Fauji Fertilizer Bin Qasim profitability down three-fifths
Jan. 14, 2013
Fauji Fertilizer Bin Qasim (FFBL) – Pakistan’s largest manufacturer of di-ammonium phosphate (DAP) and granular urea – posted a profit of Rs4.338 billion for the year ended December 31, 2012, impressive, but a whopping downfall of 60% from Rs10.767 billion a year ago.
According to a copy of the results sent to the Karachi Stock Exchange, the fertiliser producer’s board announced a cash payout of Rs2.25 per share, taking the full-year cumulative payout of the company to Rs4.5.
Analysts say that the major factor which dragged the earnings down was a massive decline in revenue, which plunged by Rs8 billion (14%) to Rs47.9 billion during the year from Rs55.9 billion in the preceding year.
Urea manufacturing has been highly disturbed this year, marred by low gas supply and lost markets due the availability of cheaper imported urea.
Shajar Capital’s analayst Raza Hamdani blamed decline in DAP and urea off-takes for restricting the company’s sales from its true potential, as DAP off-take declined 9% whereas urea sales dived 42%. Gas curtailment hampered fertiliser production by 36%.
On the other hand, gross margins were squeezed 12 percentage points to 24% due to a 19% cutback in DAP margins. “Further imposition of the gas infrastructure development cess (GIDC) effective from January 2012 also affected urea and DAP margins,” said Zeeshan Afzal, associated with Topline Securities.
FFBL’s other income was also lower by 37% compared to last year, and stood at Rs1.045 billion due to losses in Pakistan Maroc Phosphore – a subsidiary in which the company holds a 25% stake.
The final blow to profitability was given by gigantic financial charges during the year, which jumped 67% to Rs1.82 billion in 2012 against Rs1.08 billion because of higher short term loans, resulting in further pressure on the bottom line.

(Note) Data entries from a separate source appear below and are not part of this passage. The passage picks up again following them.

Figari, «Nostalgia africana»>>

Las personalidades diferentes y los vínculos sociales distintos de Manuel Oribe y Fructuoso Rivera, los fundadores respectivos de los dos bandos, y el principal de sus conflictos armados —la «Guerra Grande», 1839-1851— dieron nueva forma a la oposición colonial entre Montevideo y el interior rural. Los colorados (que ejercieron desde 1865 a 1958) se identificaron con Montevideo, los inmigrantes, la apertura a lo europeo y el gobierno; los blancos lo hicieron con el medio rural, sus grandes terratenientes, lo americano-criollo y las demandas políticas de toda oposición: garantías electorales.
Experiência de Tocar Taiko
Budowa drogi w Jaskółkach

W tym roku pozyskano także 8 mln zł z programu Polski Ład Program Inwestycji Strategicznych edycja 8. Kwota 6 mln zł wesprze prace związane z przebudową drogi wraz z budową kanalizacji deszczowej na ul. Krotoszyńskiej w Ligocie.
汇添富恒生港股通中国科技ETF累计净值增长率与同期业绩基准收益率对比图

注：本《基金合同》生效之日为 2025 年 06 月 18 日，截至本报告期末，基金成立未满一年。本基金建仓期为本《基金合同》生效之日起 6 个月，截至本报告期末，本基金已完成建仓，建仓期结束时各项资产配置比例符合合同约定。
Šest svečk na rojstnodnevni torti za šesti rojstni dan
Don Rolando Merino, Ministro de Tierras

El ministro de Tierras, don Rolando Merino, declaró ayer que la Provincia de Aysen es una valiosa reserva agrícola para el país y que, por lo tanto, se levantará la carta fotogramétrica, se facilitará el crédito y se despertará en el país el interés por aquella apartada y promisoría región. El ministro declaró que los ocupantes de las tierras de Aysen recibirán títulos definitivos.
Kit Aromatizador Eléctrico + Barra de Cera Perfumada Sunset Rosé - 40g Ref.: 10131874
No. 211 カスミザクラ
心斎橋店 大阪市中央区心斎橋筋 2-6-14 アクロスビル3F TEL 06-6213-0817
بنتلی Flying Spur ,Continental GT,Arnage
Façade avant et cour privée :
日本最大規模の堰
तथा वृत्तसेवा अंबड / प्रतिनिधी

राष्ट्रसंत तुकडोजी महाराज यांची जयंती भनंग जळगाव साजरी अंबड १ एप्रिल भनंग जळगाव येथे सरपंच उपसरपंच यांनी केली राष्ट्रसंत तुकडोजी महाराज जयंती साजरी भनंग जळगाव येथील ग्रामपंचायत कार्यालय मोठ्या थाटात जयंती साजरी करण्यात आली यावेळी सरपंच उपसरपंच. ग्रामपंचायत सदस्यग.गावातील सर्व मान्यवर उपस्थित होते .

The only silver lining for the company was that it made a comeback in the fourth quarter of the year, where earnings jumped 48% over the previous quarter containing the otherwise adverse situation, buoyed by a 4.6 percentage point expansion in margins to 26.9% on the back of higher urea sales.
Going forward, analysts expect higher DAP margins and lower urea imports to swell earnings for FFBL, while its investments in the meat export business and likely participation in acquisition of Askari Bank is expected to engage investor interest in the scrip.
The Fauji Group is interested in acquiring a 51% stake in Askari Bank, and the transaction is estimated to range between Rs13.5 billion and Rs14.7 billion. Assuming 25% contribution of FFBL in the takeover, fertiliser producer’s cash outlay can range from Rs3.4 billion to Rs3.7 billion, which may affect future payouts.
The fertiliser company’s market capitalisation as of January 11, 2013 stood at Rs35.97 billion at the Karachi Stock Exchange and the stock closed at Rs38.51 during the trading session.